◆ **TASK GOAL**: After locating the line with "This ring showcases" below, output it and each following line exactly, stopping after the line with "- ②【カスタマイズ可能】自". No pictures.

◆ **DATASET ENTRIES**:
----------------

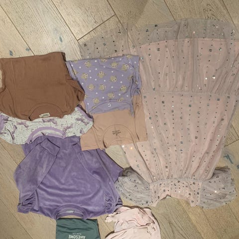 Kjole, tykk cardigan, fleece-rosa genser og 2 gensere selges for 90,- samlet. 3 av overdelene er knapt brukt og fremstår som nye. Fleece og cardigan- jakken har vært to favoritter og vært mer i bruk..
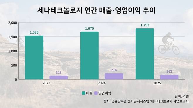 세나테크놀로지의 1분기 매출총이익률은 47.4%로 최근 5년 내 가장 높은 수준까지 올랐다. 온라인 판매 채널 다변화와 유통 구조 효율화가 맞물리면서 수익성이 개선된 것이다. 회사는 북미와 유럽을 중심으로 140여개국, 약 4000개의 글로벌 유통망을 확보하고 있으며, 전체 매출의 약 95%가 해외에서 발생하는 수출형 사업 구조를 갖추고 있다. 지난해 지역별 매출 비중은 유럽 55.2%, 북미 24.8%, 아시아 15.6% 순이었다.
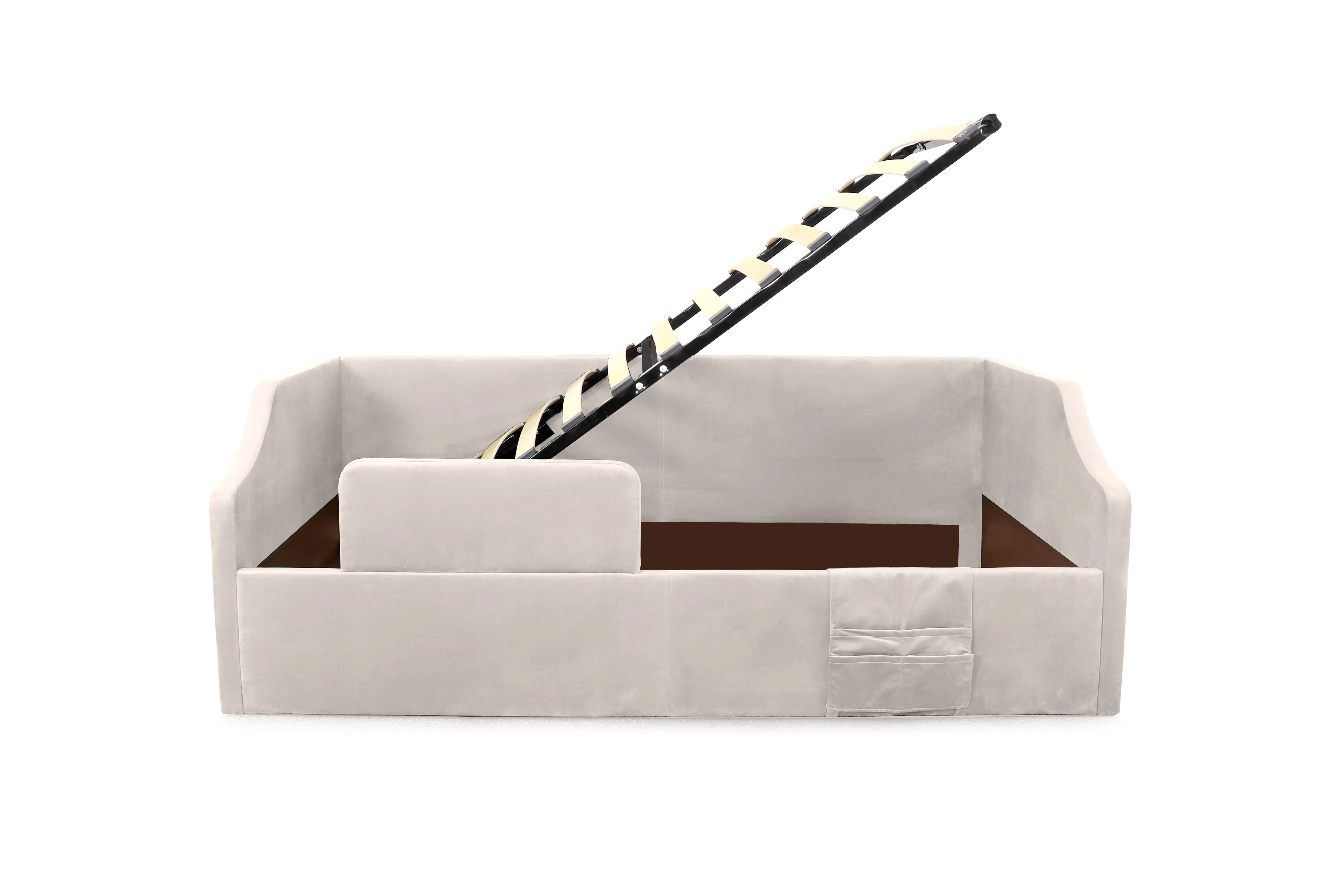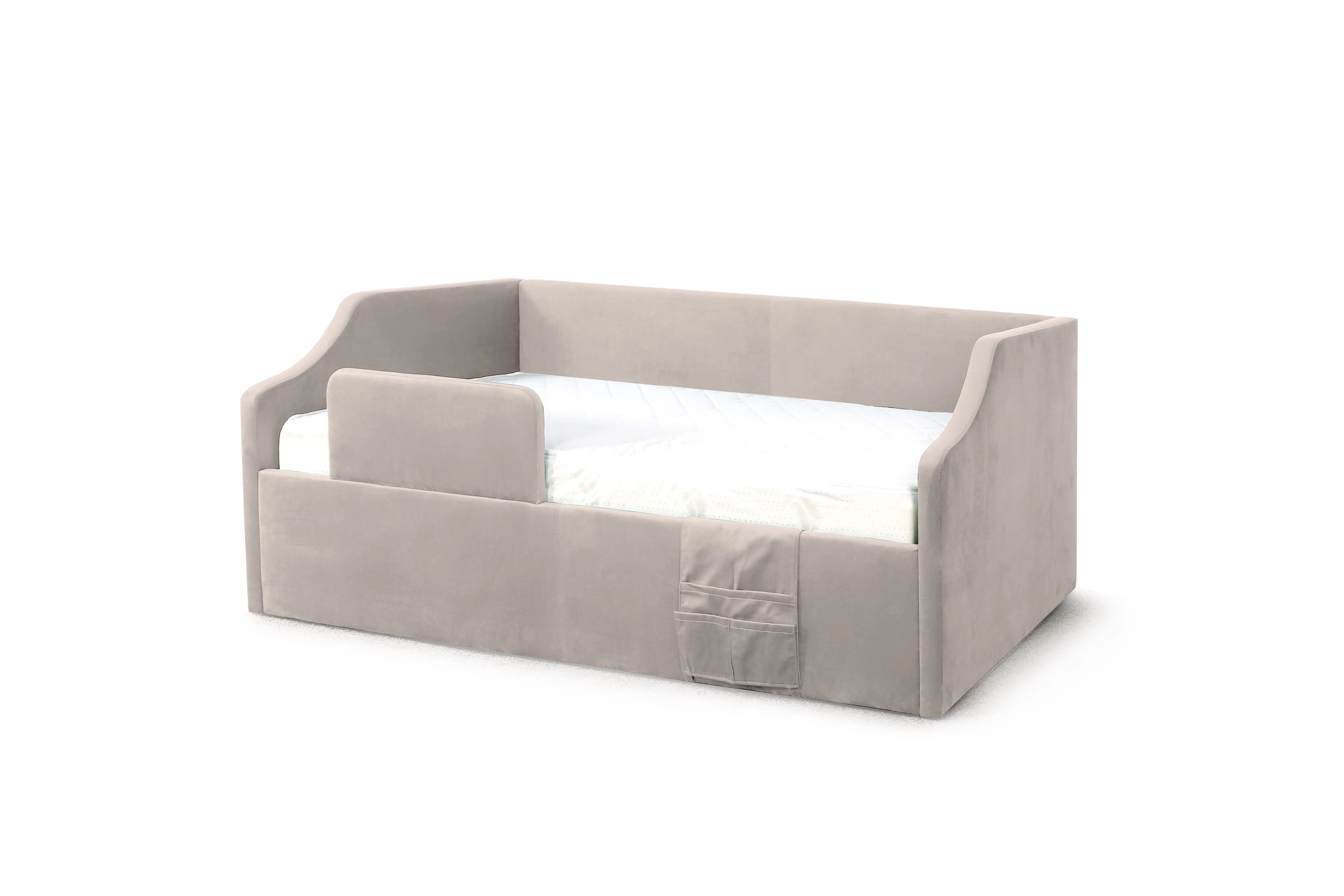 Дополнительно Вы можете приобрести защитный бортик и органайзер для хранения мелких предметов. Основание и матрас приобретаются отдельно от кровати.
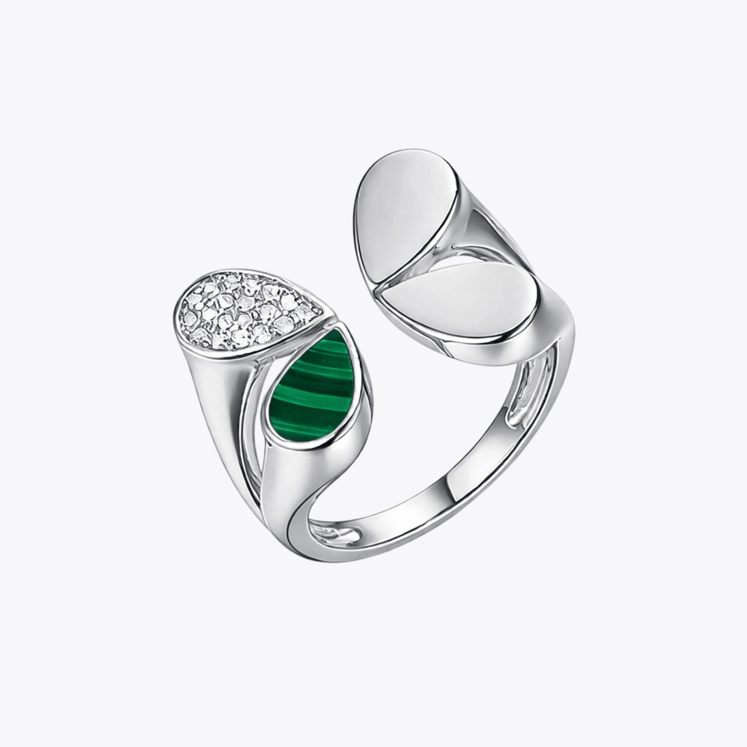 This ring showcases a delicate balance of nature-inspired elements, combining a finely crafted butterfly motif in rich green malachite tones with luminous mother-of-pearl clover accents. Each element is carefully set to create a layered, dimensional look that feels both whimsical and luxurious. Sparkling cubic zirconia stones are thoughtfully placed to enhance the design with subtle shimmer. The ring is finished on a high-polish rhodium-plated sterling silver base, ensuring durability, shine, and resistance to tarnish. The open adjustable band provides a comfortable and flexible fit for everyday wear.
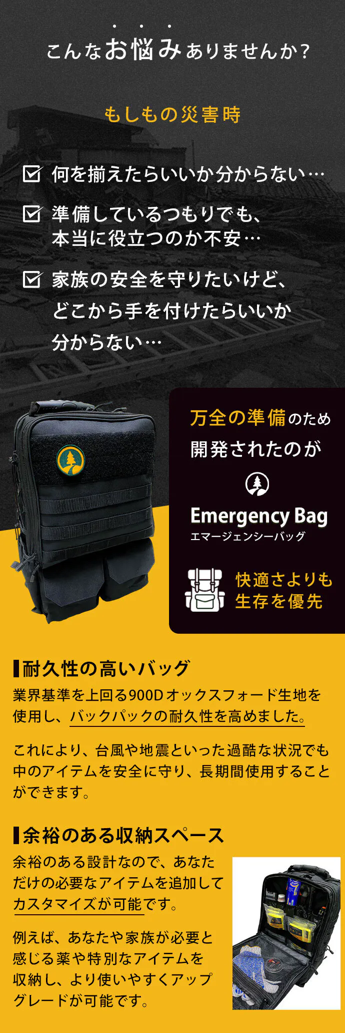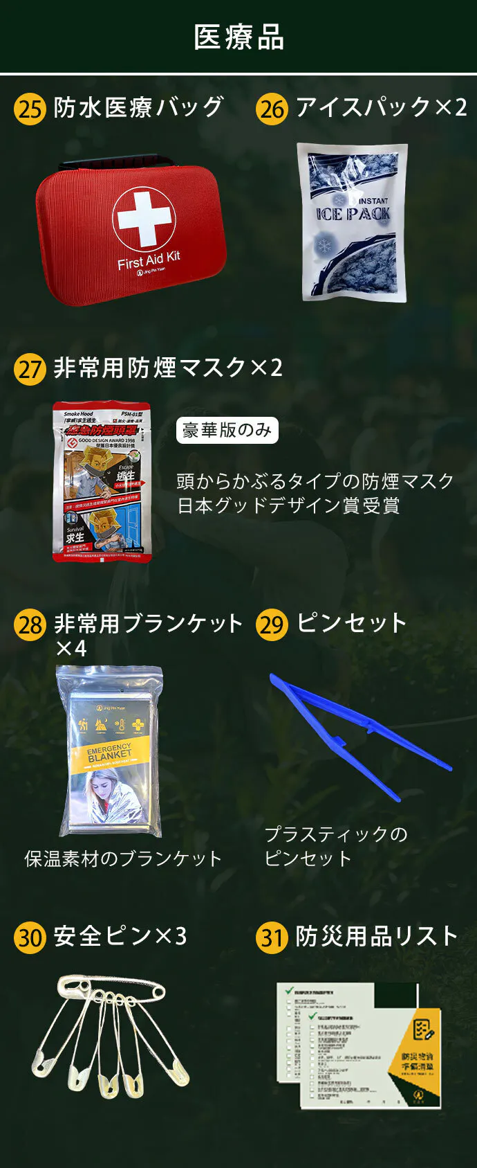 - ②【カスタマイズ可能】自分に必要なアイテムを追加し、オリジナルの緊急キットにアップグレード可能。
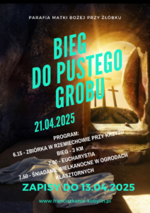 W poniedziałek wielkanocny 21.04 zapraszamy na Bieg do pustego Grobu. Wczesnym rankiem o 6.15 odczytamy przy krzyżu w Rzemiechowie fragment Ewangelii, jak św. Piotr i Jan pobiegli do grobu. Ujrzeli i uwierzyli. O 7.00 Eucharystia, po niej w ogrodach klasztornych śniadanie. Zapisy do przyszłej niedzieli.
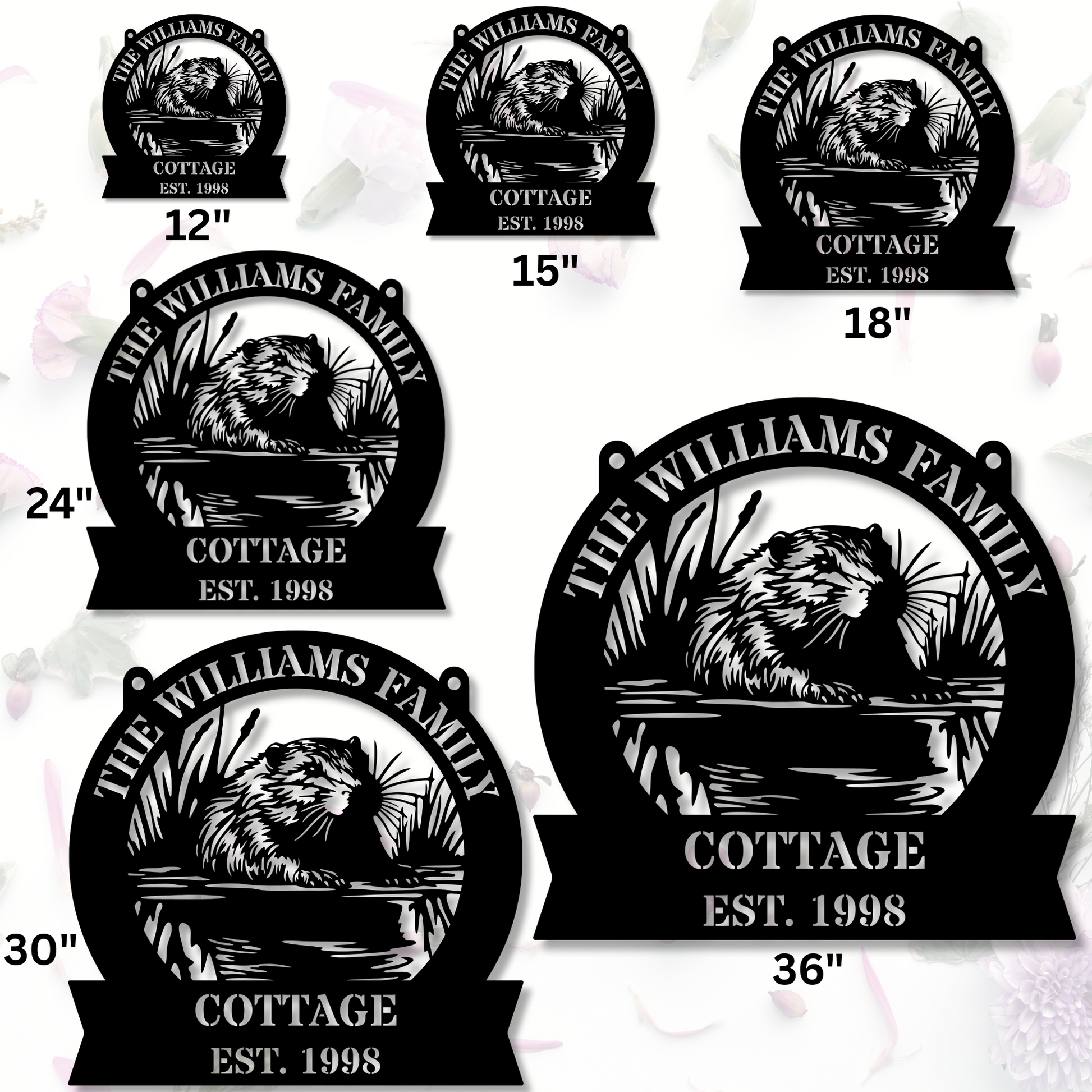 Available in an array of sophisticated colors including Black, Gold, Silver, Copper, and White, these pieces are designed to complement any decor style, adding a touch of elegance and personalization to your space. Choose from six versatile sizes: 12", 15", 18", 24", 30", and 36", allowing for perfect scaling to fit any room or outdoor area.
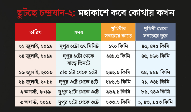 তাই ইসরো জানাচ্ছে, গত ২৪ জুলাই দুপুর ২টো থেকে বিকেল সাড়ে তিনটের মধ্যে চন্দ্রযান-২কে কম্যান্ড পাঠিয়ে ঠেলেঠুলে পাঠিয়ে দেওয়া হয়েছে যে উপবৃত্তাকার কক্ষপথে, সেখানে চন্দ্রযান-২ ছিল পৃথিবী থেকে সর্বাধিক ৪৫ হাজার ১৬২ কিলোমিটার দূরত্বে। ওই দিন আমাদের সবচেয়ে কাছে যখন এসেছিল চন্দ্রযান-২, তখন তার দূরত্ব ছিল ২৪১.৫ কিলোমিটার।
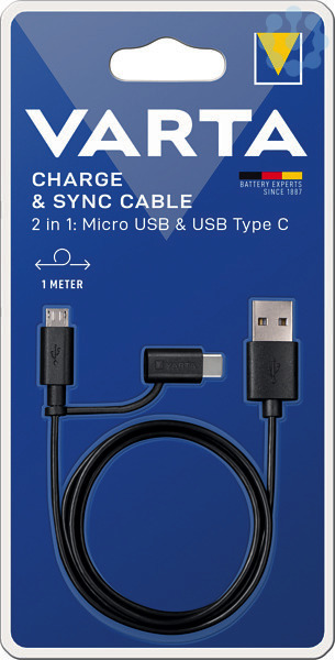 Das VARTA 2in1 Charge und Sync Kabel mit einem Micro USB und einem USB Type C Anschluss ermöglicht die Synchronisierung Ihrer Daten, während Sie Ihre Smartphones, Tablets oder anderen mobilen Geräte laden. Es ist kompatibel mit allen Micro USB/ Android-Mobilgeräten wie Samsung Galaxy, HTC, Huawei, Lenovo, Sony, Nexus, Nokia, OnePlus, Google, Xiaomi und vielen weiteren und allen Geräten mit USB Type C wie Apple Macbook 12 (2015) und Pro. Samsung Galaxy Note 7, Samsung Galaxy Tab Pro, Huawei P9 Plus / P9 / Nova / Nova Plus / ZenPad 8.0 S, LG G5 / V20, HTC 10, Lenovo ZUK Z1 / Z2 Plus, Moto Z / Z Force, ASUS ZenFone 3 / Deluxe / Ultra, Google ChromeBook, Google Nexus 5X / 6P, OnePlus 2/3, Lumia 950 / 950XL, Sony Xperia XZ und viele mehr. Schwarzes Kabel mit 1m Länge.
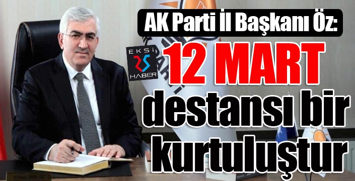 EKSİ25HABER / ERZURUM - AK Parti Erzurum İl Başkanı Mehmet Emin Öz, 12 Mart Erzurum’un Düşman İşgalinden Kurtuluşunun 104. yıldönümü münasebetiyle yayımladığı mesajda, Anadolu topraklarının şehit kanlarıyla sulandığını söyledi.
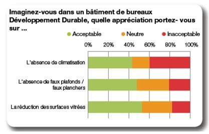 Le débat autour de ce thème illustre bien les enjeux du développement durable avec ces contradictions. La climatisation est jugée responsable des émissions de GES en raison des dispositifs nécessaires à son fonctionnement, et source d’infections et de gênes pathogènes en cas de mauvais entretien, et source d’inconfort quand les caractéristiques et le réglage ne sont pas optimums. Pour autant, les utilisateurs ne sont pas prêts à y renoncer pour le moment, comme semble l’indiquer l’enquête ARD/DTZ sur l’immobilier tertiaire en IDF (2009)49.
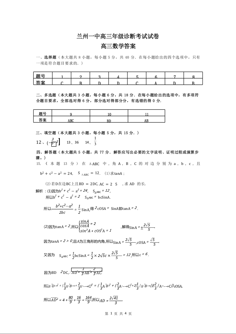 甘肃省兰州第一中学2024-2025学年高三9月诊断考试 数学参考答案

----------------

◆ **ANSWER TO THE EXERCISE**:
 This ring showcases a delicate balance of nature-inspired elements, combining a finely crafted butterfly motif in rich green malachite tones with luminous mother-of-pearl clover accents. Each element is carefully set to create a layered, dimensional look that feels both whimsical and luxurious. Sparkling cubic zirconia stones are thoughtfully placed to enhance the design with subtle shimmer. The ring is finished on a high-polish rhodium-plated sterling silver base, ensuring durability, shine, and resistance to tarnish. The open adjustable band provides a comfortable and flexible fit for everyday wear.
 - ②【カスタマイズ可能】自分に必要なアイテムを追加し、オリジナルの緊急キットにアップグレード可能。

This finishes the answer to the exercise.